Everything from the line containing "0040106D에서 디버깅당했는지 체크한" to the end of the listing, both included, should be returned exactly, apart from the pictures.

BEGIN Dataset section

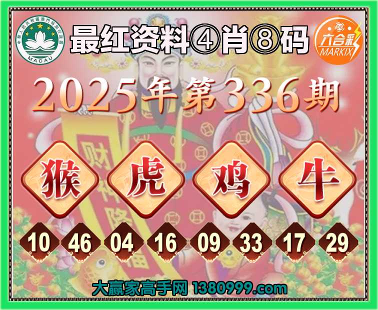 336期: 🥠『最红资料』 🥠④肖⑧码🥠【猴虎鸡牛】开:牛17准
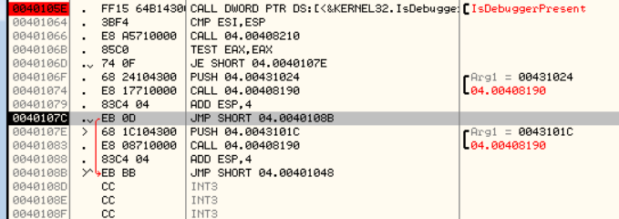 0040106D에서 디버깅당했는지 체크한 뒤에 당했으면 그대로 진행하고 아니라면 넘어가게됩니다.
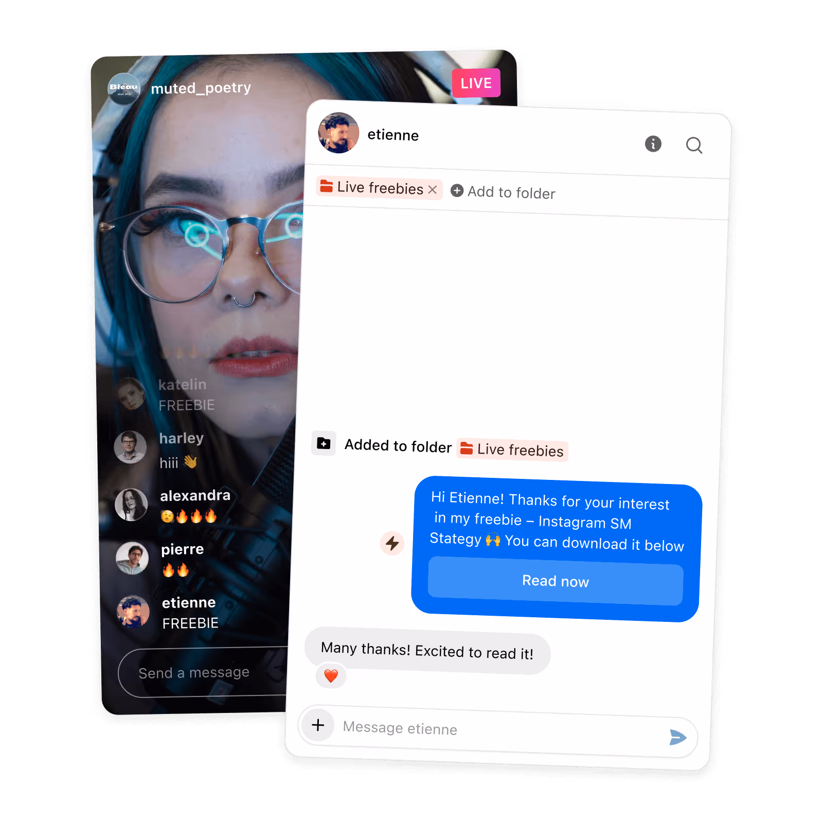 Boost Instagram conversions by turning commenters, story repliers and inbound DMs into customers.

END Dataset section

■ Answer to the exercise ■
 0040106D에서 디버깅당했는지 체크한 뒤에 당했으면 그대로 진행하고 아니라면 넘어가게됩니다.
 Boost Instagram conversions by turning commenters, story repliers and inbound DMs into customers.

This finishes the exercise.